• **Recorded data**
----

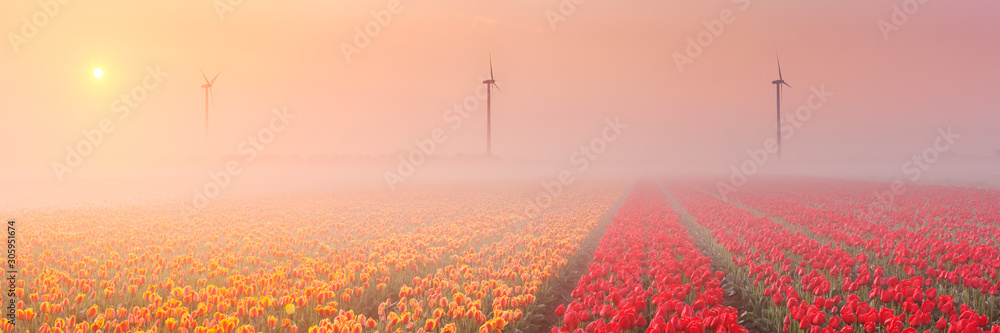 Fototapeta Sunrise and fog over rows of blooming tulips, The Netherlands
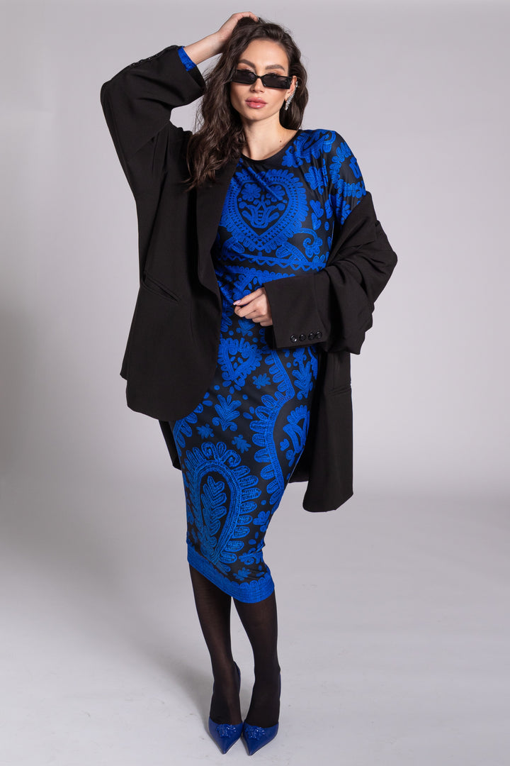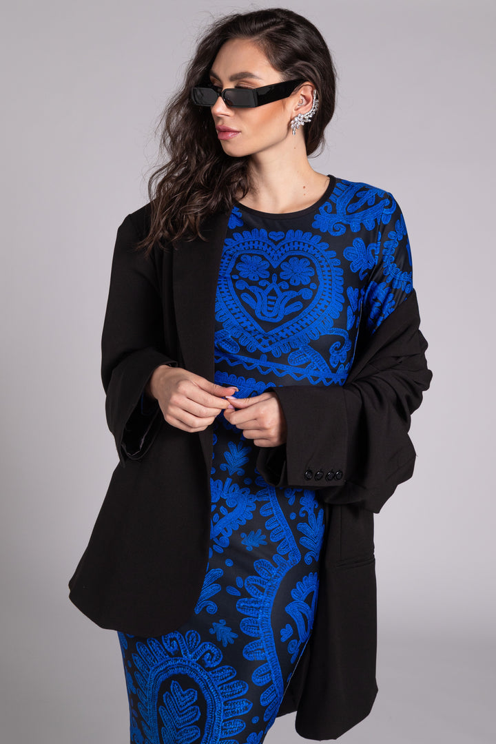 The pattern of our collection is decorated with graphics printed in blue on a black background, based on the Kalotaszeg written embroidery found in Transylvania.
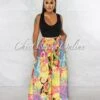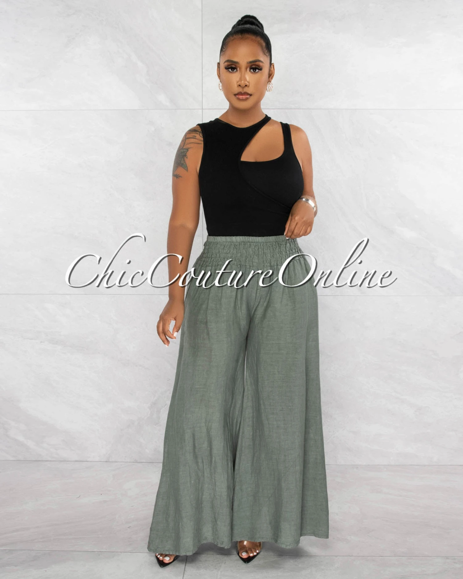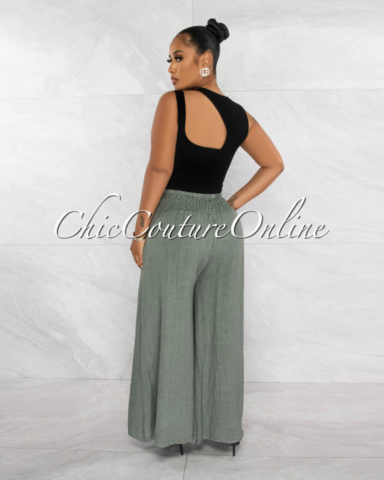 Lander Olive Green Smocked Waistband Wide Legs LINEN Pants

----

• **Goal of the exercise**
Please retype the whole of the data precisely, omitting pictures.

• **Task result**
 Fototapeta Sunrise and fog over rows of blooming tulips, The Netherlands
 The pattern of our collection is decorated with graphics printed in blue on a black background, based on the Kalotaszeg written embroidery found in Transylvania.
 Lander Olive Green Smocked Waistband Wide Legs LINEN Pants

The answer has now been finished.